H. Res. 252 is only the latest in a long, and perhaps farcical, series of resolutions on the House side (the Senate is an even bigger disaster) that would give proper recognition to the Armenian Genocide.
In the context of H. Res. 106, I’d written three years ago:
“Back in the seventies, we weren’t supposed to offend Turkey by daring to raise the issue of Genocide recognition so that efforts at drug interdiction (Turkey was an opium/heroin producing and later transit country) would not run afoul of the Turks’ ire. Of course there was the big, bad Soviet Union against whom Turkey was a “bulwark” (don’t laugh too hard, knowing how much aid they milked from Moscow). In the eighties it was still the red-scare argument, even with Gorbachev and glasnost, we had to attend Turkey’s ridiculously tender ego. n the nineties, it was the first Iraq war and later the Iraq embargo. It didn’t matter that the Turkey’s border with its southern neighbor made Swiss cheese look positively solid.
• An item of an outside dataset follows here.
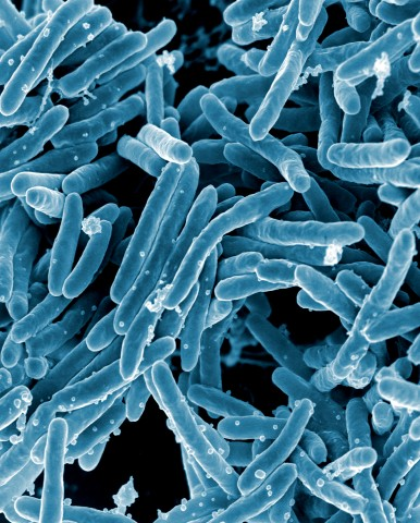 Scanning electron micrograph of Mycobacterium tuberculosis bacteria, which cause tuberculosis. Credit: NIAID

Of course now we’re hearing about how Turkey is such an important supply route for U.S. forces in Iraq that it would endanger American soldiers’ lives if Turkey’s “righteous indignation” led it to shut down those routes.
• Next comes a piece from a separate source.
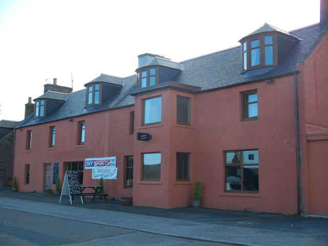 The Rocksley Inn at Stirling Village The Rocksley Inn in Stirling village has undergone major development over the past three years with the bar and function areas being totally modernized. for more information and pictures.

Point is, there’s always a “reason”, and we always seem to be at the mercy of those lame excuses, with precious little leverage.
Well, things may be a bit different right now. There’s a very heated election coming up in seven weeks. Both major parties have a lot at stake. Everyone knows and sees this. It may be our time of leverage.
So there’s an effort afoot to bring H. Res. 252 to a vote on the house floor. This would have to happen before Congress recesses for the November 2nd election— leaving us less than three weeks.
Both parties’ members and leadership have every reason to court us. The Democratic Party is trying to hang on to its majority and the Republican Party wants to reclaim it after losing that standing four years ago. EVERY VOTE WILL COUNT! And, at this point, the former have more to prove. Why? Simple. A whole lot of Armenians are royally pissed at President Barak Obama for lying (he’s had two chances now) about giving proper recognition to the Genocide, and it happens that he’s a Democrat. That ire might well play out in how members of our community vote down-ticket in senatorial, house, statewide, state legislative, and even local elections (where they are partisan). In tight races, even a few votes matter. So it behooves the Democratic leadership of the House of Representatives, in whose hands the decision lies, to schedule H. Res. 252 for a vote of the full House. Similarly, Republicans can only benefit by being on board and passing this measure.
Politics being what it is, some of our electeds might try to wangle concessions from us on other fronts. We should stand firm and help them understand that after a quarter century, they should be ashamed of trying to take advantage of what should have been, and IS, simply a matter of morality and decency. Vote yes on Genocide recognition—that’s our very simple message.
If this measure doesn’t pass (which political calculus says is unlikely since support is fairly strong), then let the electoral carnage begin! Just like anti-abortion, environmental, gun, women’s, etc., rights activists have thresholds they will not tolerate being crossed (e.g. Roe vs. Wade), we should make clear that this is the time when the voters will see just how real is Representatives’ support for our issues.
Watch for this vote. Watch your representatives’ vote. Vote accordingly in November.